**Task requirements:** Give again, word for word, the lines below that run from the line with "Snygg magväska i" through the line with "那天,大家你一言、我一語地教". Drop the pictures.

**Records for the task:**
.....

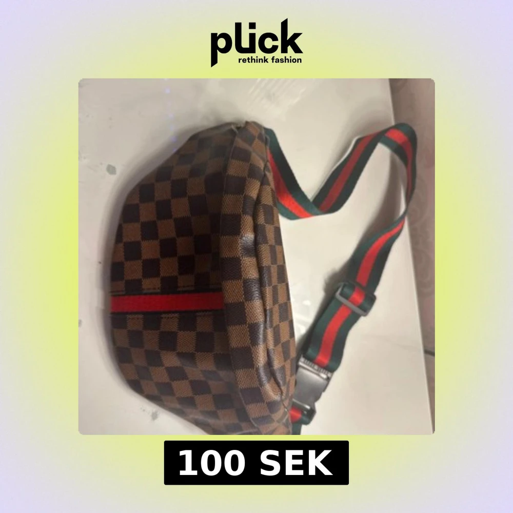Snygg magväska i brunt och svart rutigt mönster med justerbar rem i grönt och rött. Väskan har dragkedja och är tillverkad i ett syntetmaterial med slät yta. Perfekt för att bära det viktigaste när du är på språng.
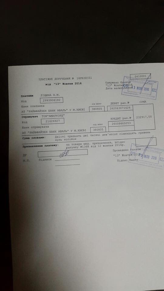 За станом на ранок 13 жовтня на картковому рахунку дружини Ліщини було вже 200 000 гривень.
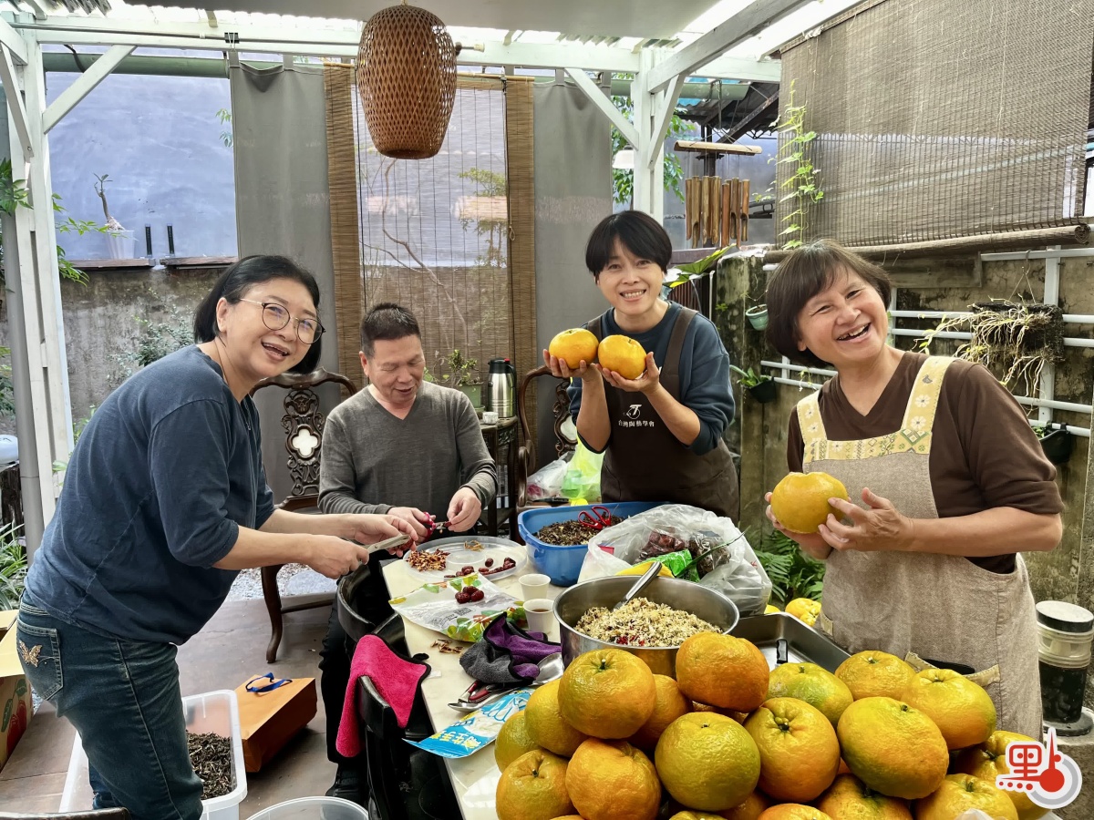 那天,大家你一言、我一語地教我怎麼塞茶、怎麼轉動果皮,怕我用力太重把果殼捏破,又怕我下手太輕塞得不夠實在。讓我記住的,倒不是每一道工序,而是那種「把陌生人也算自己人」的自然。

.....

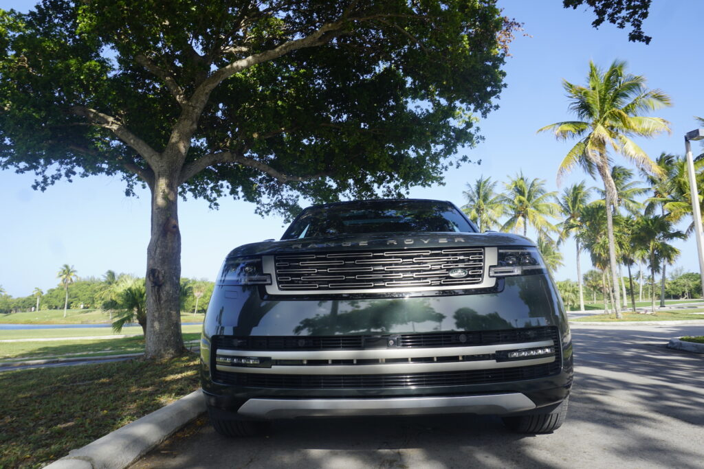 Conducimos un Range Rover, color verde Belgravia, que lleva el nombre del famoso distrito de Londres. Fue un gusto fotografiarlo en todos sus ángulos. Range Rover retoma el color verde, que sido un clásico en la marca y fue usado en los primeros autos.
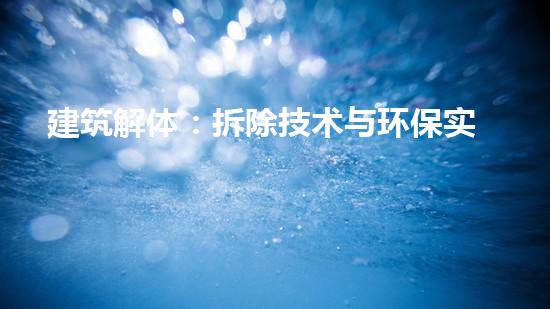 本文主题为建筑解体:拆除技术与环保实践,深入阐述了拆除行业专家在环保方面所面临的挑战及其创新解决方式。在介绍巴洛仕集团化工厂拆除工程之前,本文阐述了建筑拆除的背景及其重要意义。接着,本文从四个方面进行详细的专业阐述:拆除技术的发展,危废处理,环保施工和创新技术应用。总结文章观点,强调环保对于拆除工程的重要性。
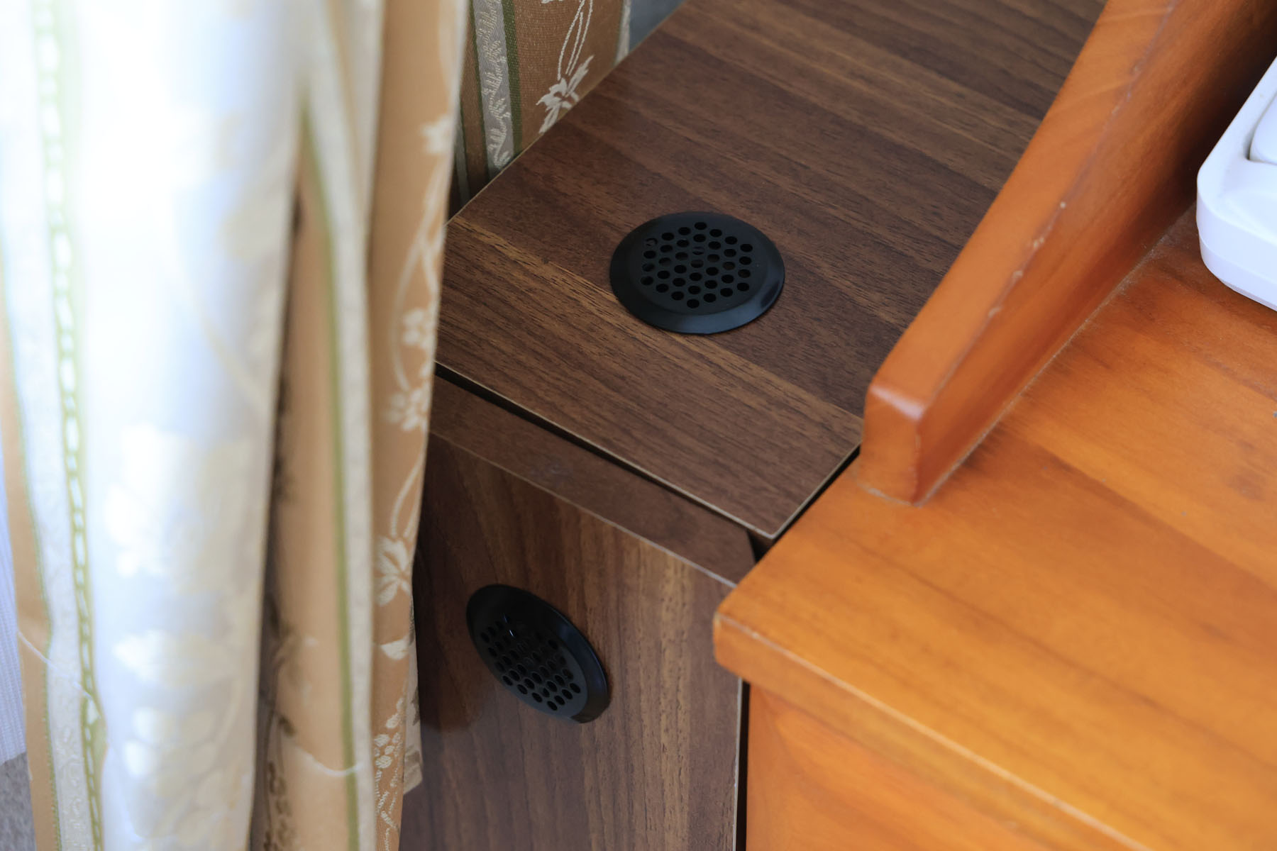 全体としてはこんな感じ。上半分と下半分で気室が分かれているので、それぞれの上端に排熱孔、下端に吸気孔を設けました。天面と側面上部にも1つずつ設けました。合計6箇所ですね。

.....

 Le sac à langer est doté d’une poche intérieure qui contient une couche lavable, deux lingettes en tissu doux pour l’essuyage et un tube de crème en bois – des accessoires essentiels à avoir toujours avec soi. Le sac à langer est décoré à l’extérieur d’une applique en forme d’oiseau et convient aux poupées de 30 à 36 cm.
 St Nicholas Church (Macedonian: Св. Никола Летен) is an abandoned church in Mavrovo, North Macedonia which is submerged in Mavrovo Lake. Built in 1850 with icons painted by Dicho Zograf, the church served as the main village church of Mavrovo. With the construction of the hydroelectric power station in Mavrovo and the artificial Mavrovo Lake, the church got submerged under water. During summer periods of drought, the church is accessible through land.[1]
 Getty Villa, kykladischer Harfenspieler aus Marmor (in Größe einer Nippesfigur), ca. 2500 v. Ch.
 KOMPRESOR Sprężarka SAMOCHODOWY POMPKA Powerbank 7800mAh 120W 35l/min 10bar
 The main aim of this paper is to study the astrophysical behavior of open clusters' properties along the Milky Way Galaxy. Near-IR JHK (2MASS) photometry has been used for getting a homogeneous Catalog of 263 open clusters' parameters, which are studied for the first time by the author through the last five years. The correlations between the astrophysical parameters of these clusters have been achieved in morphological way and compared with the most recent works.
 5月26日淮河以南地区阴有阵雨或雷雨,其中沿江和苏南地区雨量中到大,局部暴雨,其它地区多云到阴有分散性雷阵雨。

.....

**Task solution:**
Snygg magväska i brunt och svart rutigt mönster med justerbar rem i grönt och rött. Väskan har dragkedja och är tillverkad i ett syntetmaterial med slät yta. Perfekt för att bära det viktigaste när du är på språng.
 За станом на ранок 13 жовтня на картковому рахунку дружини Ліщини було вже 200 000 гривень.
 那天,大家你一言、我一語地教我怎麼塞茶、怎麼轉動果皮,怕我用力太重把果殼捏破,又怕我下手太輕塞得不夠實在。讓我記住的,倒不是每一道工序,而是那種「把陌生人也算自己人」的自然。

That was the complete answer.